- Born: Mide Funmi Martins 12 April 1979 (age 47) Lagos Island, Lagos State, Nigeria
- Education: Olabisi Onabanjo University
- Occupations: Thespian; film producer; film actor;
- Years active: 2002–present

= Mide Martins =

Nigerian actress

Mide Funmi Martins is a Nollywood actress, model and movie producer. She is the daughter of Funmi Martins.

== Early life and education ==
Martins obtained her primary school from Community Grammar School, Ibadan and her Secondary School Certificate from Providence Heights Secondary School, Fagba, Lagos, after which she went to Olabisi Onabanjo University, Ago Iwoye to receive a diploma in international relations.

== Career ==
Martins started her career after the death of her mother in 2002. She has featured and produced several movies.

In July 2026, Martins released Iya (Mother), a two-part Yoruba drama exploring the sacrifices and resilience of a single mother raising three children amid poverty, directed by her husband, Afeez "Owo" Abiodun. The film premiered on 11 July 2026 on the MIDE MARTINSTV YouTube channel and had attracted over four million views by early August 2026. Martins described a scene from the production as so emotionally powerful that she and co-stars Yetunde Barnabas and Jide Awobona were unable to stop crying even after filming had ended, and had to console one another on set. Amid the film's release, Martins publicly paid tribute to her late mother, Funmi Martins, on Instagram, describing her as her "pillar" and "backbone" and thanking her for continuing to "watch [her] back" since her death, with many observers noting the tribute's added resonance given the film's title and themes of motherhood.

== Personal life ==
Martins is the daughter of Funmi Martins, a veteran Nollywood actress who died of a heart attack in 2002.
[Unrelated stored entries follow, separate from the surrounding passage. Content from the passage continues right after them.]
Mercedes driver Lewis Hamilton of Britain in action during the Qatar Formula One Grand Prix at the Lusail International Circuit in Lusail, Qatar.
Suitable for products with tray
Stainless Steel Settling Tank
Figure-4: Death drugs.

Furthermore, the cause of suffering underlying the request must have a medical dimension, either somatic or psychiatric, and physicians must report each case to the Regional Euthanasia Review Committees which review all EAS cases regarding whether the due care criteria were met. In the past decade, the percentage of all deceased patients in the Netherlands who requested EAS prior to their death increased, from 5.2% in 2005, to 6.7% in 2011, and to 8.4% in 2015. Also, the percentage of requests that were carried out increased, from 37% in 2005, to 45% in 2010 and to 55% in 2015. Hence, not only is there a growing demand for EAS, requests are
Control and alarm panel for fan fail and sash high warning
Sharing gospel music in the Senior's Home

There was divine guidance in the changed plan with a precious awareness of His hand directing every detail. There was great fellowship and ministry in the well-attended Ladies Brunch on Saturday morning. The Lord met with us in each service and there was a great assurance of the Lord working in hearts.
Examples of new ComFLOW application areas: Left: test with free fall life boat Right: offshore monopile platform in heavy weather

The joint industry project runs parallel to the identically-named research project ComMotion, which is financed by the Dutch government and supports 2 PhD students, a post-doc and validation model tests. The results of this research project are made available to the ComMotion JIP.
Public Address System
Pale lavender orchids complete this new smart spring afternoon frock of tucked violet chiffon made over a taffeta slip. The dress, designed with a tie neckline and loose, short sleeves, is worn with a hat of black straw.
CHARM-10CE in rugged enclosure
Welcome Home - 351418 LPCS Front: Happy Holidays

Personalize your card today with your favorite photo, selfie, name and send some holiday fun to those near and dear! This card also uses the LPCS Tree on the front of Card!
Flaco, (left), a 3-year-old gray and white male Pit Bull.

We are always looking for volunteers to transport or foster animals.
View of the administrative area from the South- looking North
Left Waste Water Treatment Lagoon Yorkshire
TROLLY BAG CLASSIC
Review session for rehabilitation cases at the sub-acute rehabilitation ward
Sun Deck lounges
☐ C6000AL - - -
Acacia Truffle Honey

Martins is married to Afeez Owo, and they have two children.

== Filmography ==

- Makan Je (2001)
- Arewa (2003)
- Orejomi (2005)
- Kilebi Olorun (2007)
- Ife Owo (2008)
- Amoye (2008)
- Osas Omoge Benin (2012)
- Omoge Lekki (2016)
- Ameerah (2021)
- Onitemi (2022)
- The Wedding Planner (2022)
- Iyawo Buga (2022)
- Haunted Pleasures (2022)
- The Party (2025)
- Iya (2026)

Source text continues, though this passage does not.